Hh signaling is cilia-independent and kif27, fused, and iguana are cilia genes in planarians. (A) Mean translocation speed quantified from movies of animals having received the indicated RNAi-treatments. Error bars: SEM. Asterisks: p-value < 0.01 vs. control (One-way ANOVA). ≥ 4 movies with N ≥ 5 animals per movie. Inset: Example of tissue edema caused by IFT172(RNAi). Scale bar, 0.5 mm. (B) Ventral cilia confocal projections (green, anti-acetylated Tubulin), overlayed with nuclei (blue, DAPI) to demonstrate epithelial integrity. RNAi-treatments as indicated. Inset: zoom. Punctate pattern: remaining cilia stumps. Scale bar, 50 μm. (C) Translocation speed calculated as in 4A. (D) Tissue edema in iguana(RNAi)-animal 14 days after amputation. Scale bar, 0.5 mm. (E) Ventral cilia confocal projections (green, anti-acetylated Tubulin) overlayed with nuclei (blue, DAPI) as in 4B. Arrows: remaining tufts of cilia on cells not yet affected by RNAi. Residual staining in fused(RNAi), iguana(RNAi), and kif27(RNAi) animals due to non-cilia related staining of sub-epithelial structures. Scale bar: 50 μm.

We next cloned the single planarian homologs of Fused (Smed-fused), Cos2/Kif27/Kif7 (Smed-kif27), and Iguana (Smed-iguana) (37) (Sup. Fig. 17), which were all discovered as mutations severely affecting Hh signaling in Drosophila (4, 5) or zebrafish (18, 19), respectively. Silencing fused, kif27, or iguana neither perturbed ptc expression (Sup. Fig. 20B), nor did it elicit Hh-related regeneration defects (Sup. Fig. 21). Hence these components are unlikely to function in planarian Hh signaling, but the same caveat raised for the IFT genes applies. Intriguingly, fused(RNAi), kif27(RNAi), or iguana(RNAi)-treated worms instead displayed compromised mobility (Fig. 4C), inchworming, tissue edema (Fig. 4D) and complete lack of cilia staining (Fig. 4E). Furthermore, the expression patterns of iguana and kif27 closely resembled those of cilia genes (Sup. Fig. 22). These data demonstrate by multiple functional and morphological criteria, that fused, kif27, and iguana are essential for planarian ciliogenesis.

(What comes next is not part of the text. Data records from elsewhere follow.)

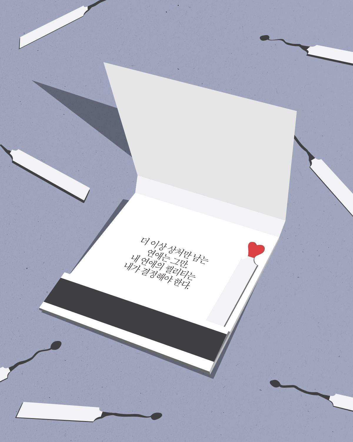 <연애의 참견> <환승연애> <나는 SOLO> <체인지 데이즈>, 각종 채널을 통해 방영 중이거나 최근에 종료한 연애 관련 예능 프로그램이다. ‘연애’라는 공통된 주제를 다루고 있지만 프로그램의 포맷은 제법 다르다. 하지만 이 다양한 포맷의 연애 프로그램 중에서도 반드시 등장하는 유형의 사람이 있으니 바로 ‘소나무 같은 취향’으로 연애를 망치는 사람이다. 우리 주변에도 음식물 쓰레기인지, 재활용 쓰레기인지 종류만 다를 뿐 다양한 쓰레기를 취급해온 쓰레기 컬렉터들이 제법 많다. ‘왜 내 연애는 매번 이럴까’ 하는 고민이 생긴다면 참고해볼 것. 힘든 연애만 반복하는 사람들에게는 공통점이 있다. 물론 당신의 잘못은 아니다. 선량한 마음을 이용한 쓰레기보다 더한 빌런들의 잘못일 뿐. 하지만 빌런이 당신을 쓰레받기로 생각하지 못하게끔 하는 노력도 필요하다. 더 이상 상처만 남는 연애를 반복할 순 없으니.
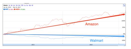 “拋棄”傳統(tǒng)零售巨頭沃爾瑪 F13文件顯示,伯克希爾去年四季度最大的減持來自沃爾瑪,當季沃爾瑪持股減少89%至139萬股,上季度末持有1297萬股,相當于拋售了約9億美元的沃爾瑪股票。 巴菲特接近清倉的拋售凸顯了傳統(tǒng)零售商式微的局面。去年他承認,面對電商巨頭亞馬遜的競爭,傳統(tǒng)零售企業(yè)生存艱難。 2014年年末以來,沃爾瑪股價累跌21%,同期亞馬遜股價暴漲119%。目前沃爾瑪市值2980億美元,亞馬遜市值3560億美元。
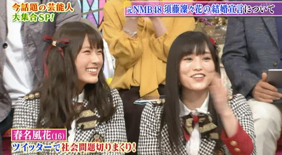 アイドルグループ「NMB48」の山本彩(24)、渋谷凪咲(21)が30日、日本テレビ系「ダウンタウンDXDX ~ワイドショーを賑わした芸能人大集合スペシャル~」(午後9時から)に出演し、今年6月、「第9回AKB48選抜総選挙」の開票イベントで世間を驚かせた元メンバー・須藤凜々花(21)の結婚宣言に言及。
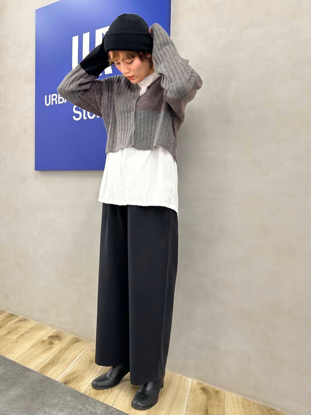 カーディガンはパンツやスカート、ワンピースにも合わせられるようなショート丈でおすすめです!

This finding establishes that the ciliogenesis functions of Fused, Kif7, and Iguana are not vertebrate-specific (15, 17), but instead ancestral. The use of cilia, Fused, Kif7, and Iguana in the zebrafish Hh pathway (13–15, 18, 19 ), cilia and Kif7 in the mouse Hh pathway (8–10), and Fused and Cos2 in the Drosophila Hh pathway (3) further implies that all three model organisms rely on cilia and/or ancient cilia components for Hh signaling. Thus, the association between Hh signaling and cilia is most likely also ancestral (Sup. Fig. 23). This conclusion is based solely on the ciliogenesis functions of Fused, Cos2/Kif27/Kif7, and Iguana and is unaffected by whether they also function in planarian Hh signaling. In fact, uncovering evidence to this effect would further strengthen the argument for an ancestral connection.

Our findings suggest that the perplexing diversity in Hh signal transduction mechanisms among flies, fish, and mammals arose from group-specific losses of the ancestral association between cilia and Hh signaling (Sup. Fig. 23). This raises the question why core components are highly conserved, yet the contribution of cilia-related proteins to Hh signaling is variable. The dynamic shuttling of core components between subcellular compartments in both flies and vertebrates (9, 10, 36) may have originally been organized by cilia (providing a location) and the associated IFT complexes (providing the motors). The divergence of Hh signaling mechanisms could thus reflect the choice of a new location or motor for organizing the interplay between core components.